* _DIRECTIONS FOR THIS TASK_
Look below for the line with "Mit rund 118,3"; begin the copy there and stop after the line with "2組では,グループですごろく", keeping the text exact and the pictures out.

* _DATA FOR PROCESSING_
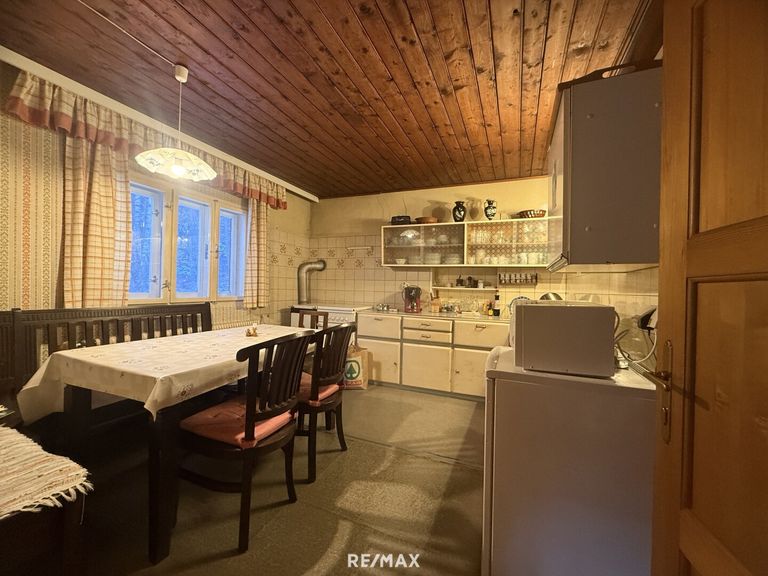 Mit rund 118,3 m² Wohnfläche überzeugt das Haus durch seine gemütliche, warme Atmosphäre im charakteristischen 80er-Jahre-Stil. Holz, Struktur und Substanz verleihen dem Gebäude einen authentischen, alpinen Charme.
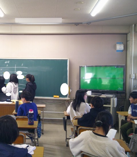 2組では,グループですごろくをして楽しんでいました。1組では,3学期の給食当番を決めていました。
==
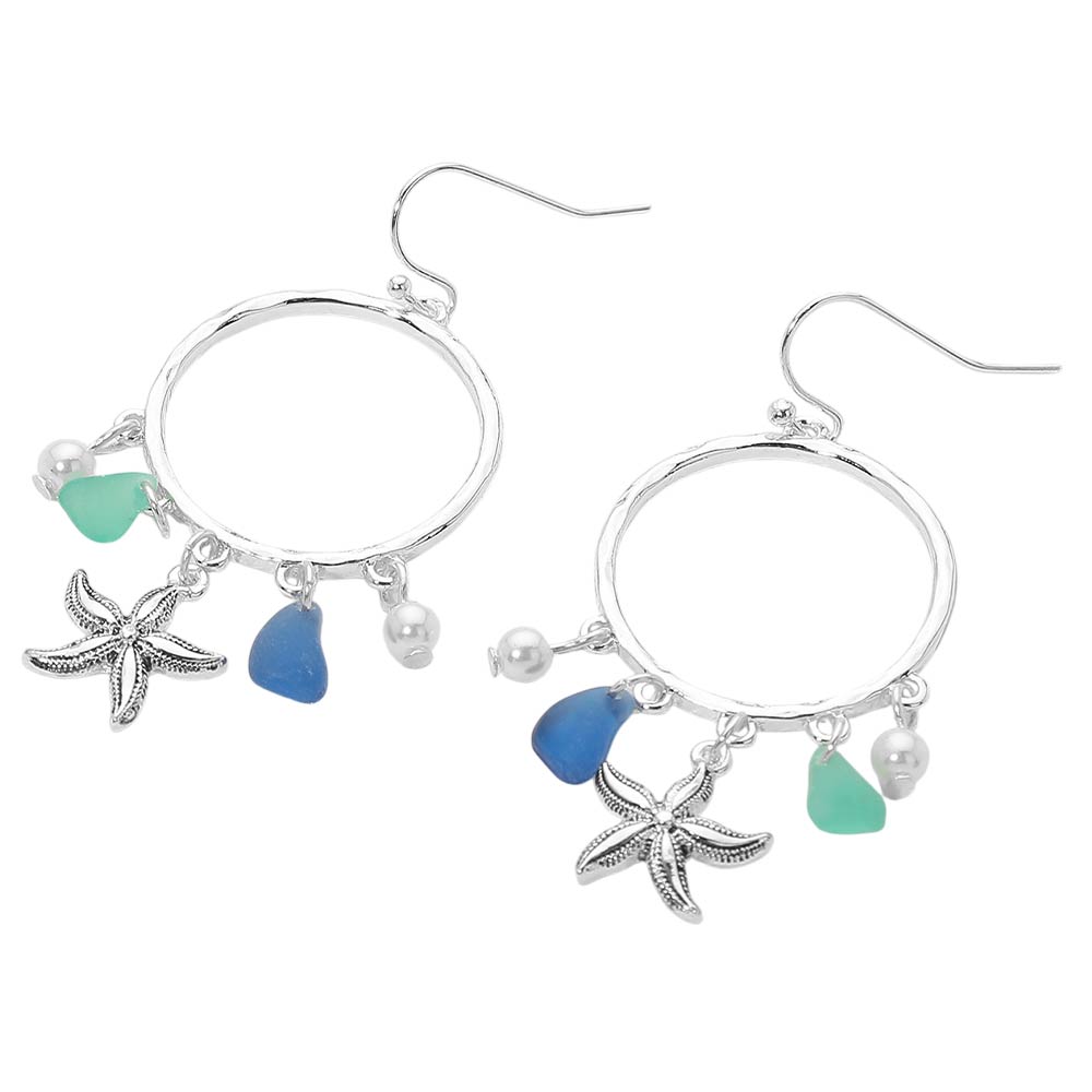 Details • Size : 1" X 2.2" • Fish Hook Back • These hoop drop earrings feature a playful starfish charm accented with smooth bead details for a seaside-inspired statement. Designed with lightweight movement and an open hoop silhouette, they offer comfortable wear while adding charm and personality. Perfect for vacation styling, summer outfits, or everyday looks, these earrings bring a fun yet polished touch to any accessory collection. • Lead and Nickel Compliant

* _TASK ANSWER_
 Mit rund 118,3 m² Wohnfläche überzeugt das Haus durch seine gemütliche, warme Atmosphäre im charakteristischen 80er-Jahre-Stil. Holz, Struktur und Substanz verleihen dem Gebäude einen authentischen, alpinen Charme.
 2組では,グループですごろくをして楽しんでいました。1組では,3学期の給食当番を決めていました。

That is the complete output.